- _Data excerpts_
▼

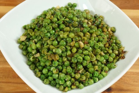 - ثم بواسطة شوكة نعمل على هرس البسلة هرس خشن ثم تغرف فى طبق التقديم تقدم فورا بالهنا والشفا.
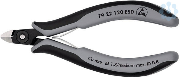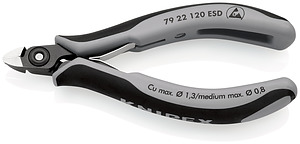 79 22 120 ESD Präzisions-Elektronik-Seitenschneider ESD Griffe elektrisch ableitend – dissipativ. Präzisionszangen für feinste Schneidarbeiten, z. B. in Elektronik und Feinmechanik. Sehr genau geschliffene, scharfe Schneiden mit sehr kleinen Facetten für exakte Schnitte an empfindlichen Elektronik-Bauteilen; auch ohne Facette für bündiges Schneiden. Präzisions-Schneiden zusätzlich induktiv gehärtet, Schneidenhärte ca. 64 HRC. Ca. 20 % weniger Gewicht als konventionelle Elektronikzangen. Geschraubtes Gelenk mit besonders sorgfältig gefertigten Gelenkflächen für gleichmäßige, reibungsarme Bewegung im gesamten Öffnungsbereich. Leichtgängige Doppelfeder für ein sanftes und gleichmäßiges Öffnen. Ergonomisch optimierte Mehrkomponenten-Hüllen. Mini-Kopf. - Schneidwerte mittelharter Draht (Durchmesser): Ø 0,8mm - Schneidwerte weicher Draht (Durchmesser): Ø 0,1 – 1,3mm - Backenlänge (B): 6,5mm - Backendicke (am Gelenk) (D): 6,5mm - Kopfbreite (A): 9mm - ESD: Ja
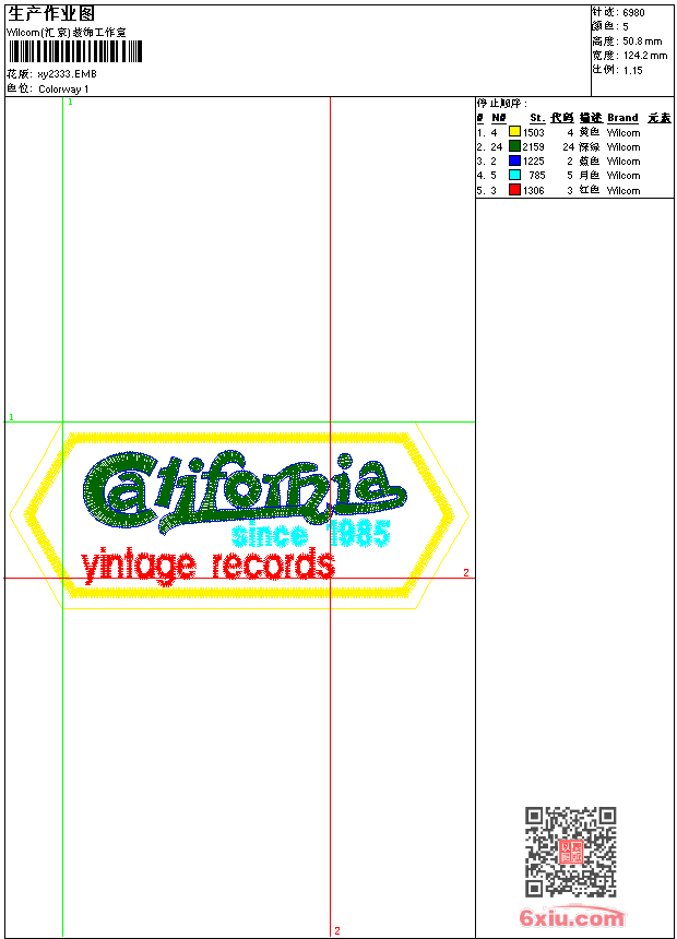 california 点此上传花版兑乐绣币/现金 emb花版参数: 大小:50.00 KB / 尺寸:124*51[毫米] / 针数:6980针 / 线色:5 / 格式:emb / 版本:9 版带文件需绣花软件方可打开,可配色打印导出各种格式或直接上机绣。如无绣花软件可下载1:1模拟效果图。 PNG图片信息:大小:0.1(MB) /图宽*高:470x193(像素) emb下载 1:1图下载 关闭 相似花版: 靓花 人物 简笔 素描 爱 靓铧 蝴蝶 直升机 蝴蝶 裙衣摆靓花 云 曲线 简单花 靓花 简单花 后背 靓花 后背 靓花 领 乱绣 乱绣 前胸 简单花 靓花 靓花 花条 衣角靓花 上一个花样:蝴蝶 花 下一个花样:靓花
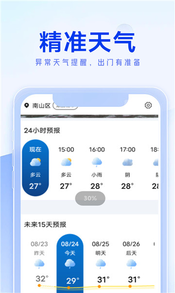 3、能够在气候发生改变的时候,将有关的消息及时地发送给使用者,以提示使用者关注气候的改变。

▲
▼

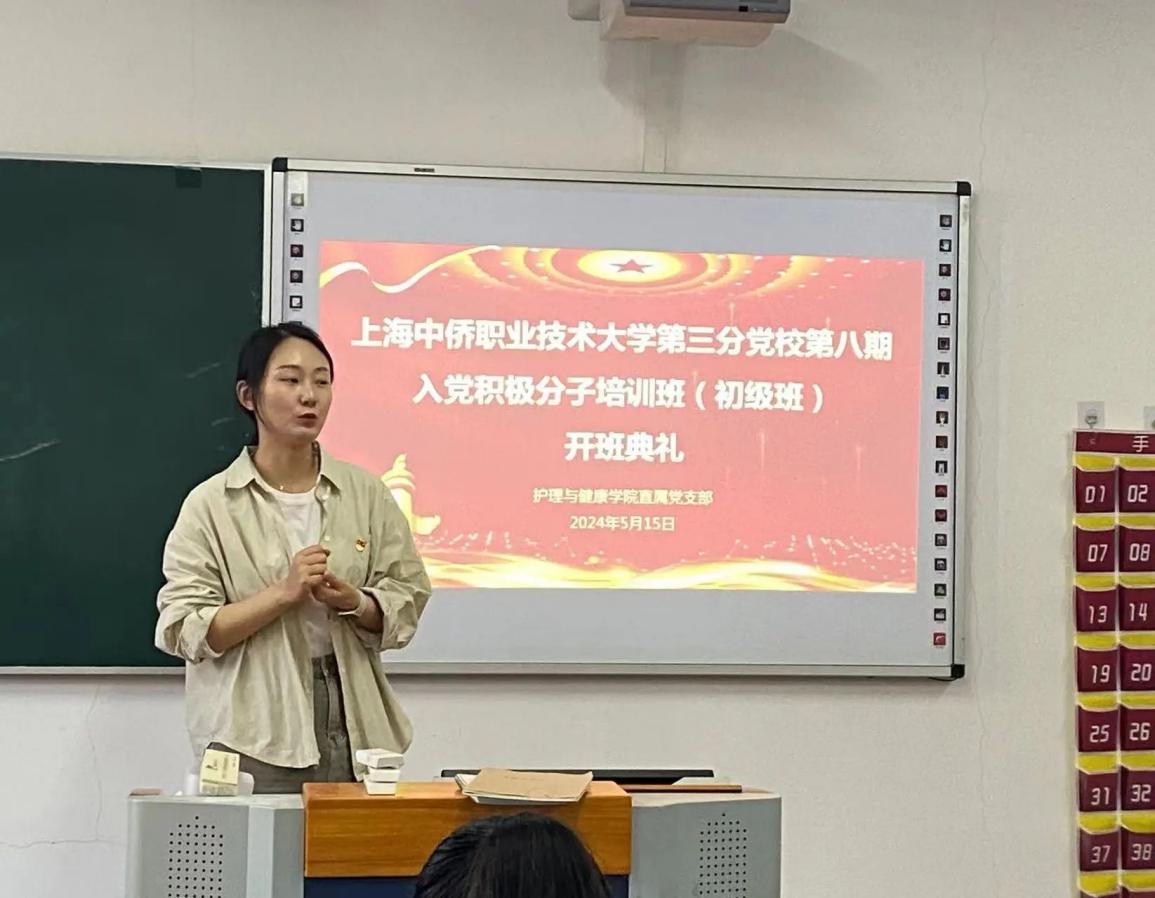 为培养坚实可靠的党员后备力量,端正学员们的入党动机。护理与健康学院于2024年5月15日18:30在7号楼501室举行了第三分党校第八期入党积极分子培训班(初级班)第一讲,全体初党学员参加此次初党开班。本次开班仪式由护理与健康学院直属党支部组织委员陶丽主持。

▲
▼

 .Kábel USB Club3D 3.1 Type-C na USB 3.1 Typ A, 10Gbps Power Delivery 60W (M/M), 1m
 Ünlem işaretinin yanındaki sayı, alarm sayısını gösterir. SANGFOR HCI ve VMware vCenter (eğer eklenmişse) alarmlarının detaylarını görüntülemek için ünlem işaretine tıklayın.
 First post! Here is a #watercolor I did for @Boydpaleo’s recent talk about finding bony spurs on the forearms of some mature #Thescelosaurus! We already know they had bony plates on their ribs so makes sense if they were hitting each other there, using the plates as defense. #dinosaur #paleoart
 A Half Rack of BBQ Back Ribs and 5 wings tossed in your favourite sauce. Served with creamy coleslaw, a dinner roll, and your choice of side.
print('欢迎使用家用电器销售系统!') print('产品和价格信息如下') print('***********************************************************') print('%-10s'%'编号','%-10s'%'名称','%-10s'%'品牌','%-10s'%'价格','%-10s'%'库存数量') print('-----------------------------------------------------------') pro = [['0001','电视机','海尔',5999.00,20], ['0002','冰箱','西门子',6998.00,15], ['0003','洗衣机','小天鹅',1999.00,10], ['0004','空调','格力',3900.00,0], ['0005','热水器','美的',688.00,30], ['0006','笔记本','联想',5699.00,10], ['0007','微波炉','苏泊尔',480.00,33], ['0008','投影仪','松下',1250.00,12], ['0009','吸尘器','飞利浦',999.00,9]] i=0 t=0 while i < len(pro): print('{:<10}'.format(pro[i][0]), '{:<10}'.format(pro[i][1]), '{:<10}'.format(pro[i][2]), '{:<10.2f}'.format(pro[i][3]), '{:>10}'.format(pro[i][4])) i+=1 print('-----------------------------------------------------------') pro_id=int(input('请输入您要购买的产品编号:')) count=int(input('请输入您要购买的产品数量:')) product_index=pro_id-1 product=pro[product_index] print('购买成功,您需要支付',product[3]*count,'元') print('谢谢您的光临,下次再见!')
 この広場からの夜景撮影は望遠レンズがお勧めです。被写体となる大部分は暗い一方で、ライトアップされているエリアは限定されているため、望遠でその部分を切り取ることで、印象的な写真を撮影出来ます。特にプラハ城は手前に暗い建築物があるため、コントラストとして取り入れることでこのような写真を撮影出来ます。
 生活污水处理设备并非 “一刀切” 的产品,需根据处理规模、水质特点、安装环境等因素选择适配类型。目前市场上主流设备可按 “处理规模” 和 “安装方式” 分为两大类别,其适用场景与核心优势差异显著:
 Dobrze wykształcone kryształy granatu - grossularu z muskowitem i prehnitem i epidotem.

▲

Go through the listing above and write out exactly the lines starting with the one holding "First post! Here" and running through the one holding "Dobrze wykształcone kryształy", ends included, and no others.

 First post! Here is a #watercolor I did for @Boydpaleo’s recent talk about finding bony spurs on the forearms of some mature #Thescelosaurus! We already know they had bony plates on their ribs so makes sense if they were hitting each other there, using the plates as defense. #dinosaur #paleoart
 A Half Rack of BBQ Back Ribs and 5 wings tossed in your favourite sauce. Served with creamy coleslaw, a dinner roll, and your choice of side.
print('欢迎使用家用电器销售系统!') print('产品和价格信息如下') print('***********************************************************') print('%-10s'%'编号','%-10s'%'名称','%-10s'%'品牌','%-10s'%'价格','%-10s'%'库存数量') print('-----------------------------------------------------------') pro = [['0001','电视机','海尔',5999.00,20], ['0002','冰箱','西门子',6998.00,15], ['0003','洗衣机','小天鹅',1999.00,10], ['0004','空调','格力',3900.00,0], ['0005','热水器','美的',688.00,30], ['0006','笔记本','联想',5699.00,10], ['0007','微波炉','苏泊尔',480.00,33], ['0008','投影仪','松下',1250.00,12], ['0009','吸尘器','飞利浦',999.00,9]] i=0 t=0 while i < len(pro): print('{:<10}'.format(pro[i][0]), '{:<10}'.format(pro[i][1]), '{:<10}'.format(pro[i][2]), '{:<10.2f}'.format(pro[i][3]), '{:>10}'.format(pro[i][4])) i+=1 print('-----------------------------------------------------------') pro_id=int(input('请输入您要购买的产品编号:')) count=int(input('请输入您要购买的产品数量:')) product_index=pro_id-1 product=pro[product_index] print('购买成功,您需要支付',product[3]*count,'元') print('谢谢您的光临,下次再见!')
 この広場からの夜景撮影は望遠レンズがお勧めです。被写体となる大部分は暗い一方で、ライトアップされているエリアは限定されているため、望遠でその部分を切り取ることで、印象的な写真を撮影出来ます。特にプラハ城は手前に暗い建築物があるため、コントラストとして取り入れることでこのような写真を撮影出来ます。
 生活污水处理设备并非 “一刀切” 的产品,需根据处理规模、水质特点、安装环境等因素选择适配类型。目前市场上主流设备可按 “处理规模” 和 “安装方式” 分为两大类别,其适用场景与核心优势差异显著:
 Dobrze wykształcone kryształy granatu - grossularu z muskowitem i prehnitem i epidotem.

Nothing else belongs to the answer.